The hall smelled of smoke and blood.
Serena’s knees pressed against the icy marble floor, hard enough to bruise. Above her, torches guttered against the stone walls, shadows stretching into monstrous shapes. Hooded figures encircled her like wolves around prey. Their silver masks gleamed, grotesque parodies of the beasts she had never been.
The chants began low, a hum that slithered into her bones. Each word was a curse, each echo a reminder of her place—less than nothing.
“Bring forth the cursed one,” a voice commanded.
Hands like iron clamped her shoulders, shoving her forward into the ring of firelight. She stumbled, palms scraping raw against the marble. Jeers rose around her. Serena forced her chin up, though her body shook. They would not see her break.
Fingers tangled in her hair and yanked her head back until her throat arched painfully. A masked man sneered down at her, his breath sour.

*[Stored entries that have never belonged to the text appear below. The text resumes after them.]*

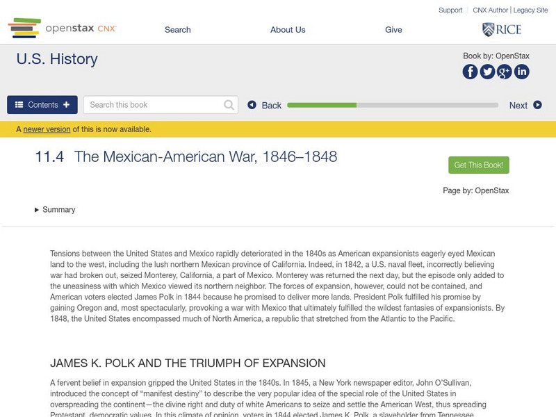 After reading this section of a chapter on "Westward Expansion," students will be able to identify the causes of the Mexican-American War and describe the outcomes of the war in 1848 and the effect of the California Gold Rush on westward...
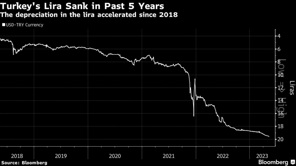 The Turkish currency has been under pressure since Erdogan ramped up a slew of unorthodox policies starting in 2018, including interest-rate cuts to boost growth even as inflation surged, exchange-rate controls and state intervention.
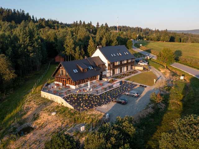 Das Owca z widokiem Hotel befindet sich in Spalona, nur 23 km vom Bahnhof Polanica Zdroj entfernt. Die Lage des Hotels bietet einen atemberaubenden Bergblick und eine ruhige Umgebung, ideal für Naturliebhaber. In der Nähe finden Sie auch den Chopin Manor und den Bahnhof Kudowa Zdrój, die jeweils etwa 36 km bzw. 23 km entfernt liegen. Der Flughafen Pardubice ist mit einer Entfernung von 87 km vom Hotel aus gut zu erreichen.
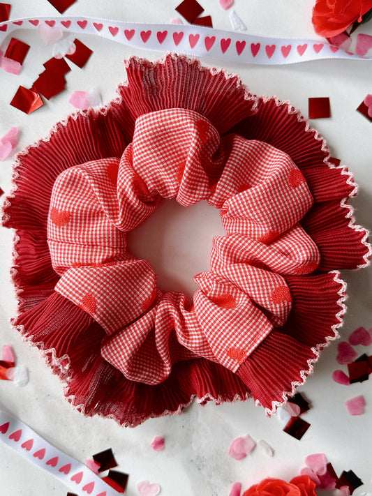 XL Valentines Gingham Scrunchie with Red and Pink Frill Trim

“This one carries tainted blood,” he declared. “Her wolf lies dead. She has no place in our world.”
The circle roared in agreement.
Her chest tightened. She had grown up with their whispers—*defective, mistake, cursed.* But tonight, under the eyes of the Midnight Society, they would carve her shame into permanence.
“Mark her.”
The words rang like a death knell.
Two men seized her arms and dragged her toward the altar at the center of the hall. Its surface gleamed obsidian black, etched with symbols that pulsed faintly red. Chains clattered as they forced her wrists down, binding her in place. Cold iron bit into her skin.
She was trapped.
The High Seer approached, mask gilded, robes heavy with power. In his hand gleamed a dagger.
“On this night,” he intoned, “we strip away the last pretense of her belonging. She shall live as what she is—unbonded, unwanted, cursed.”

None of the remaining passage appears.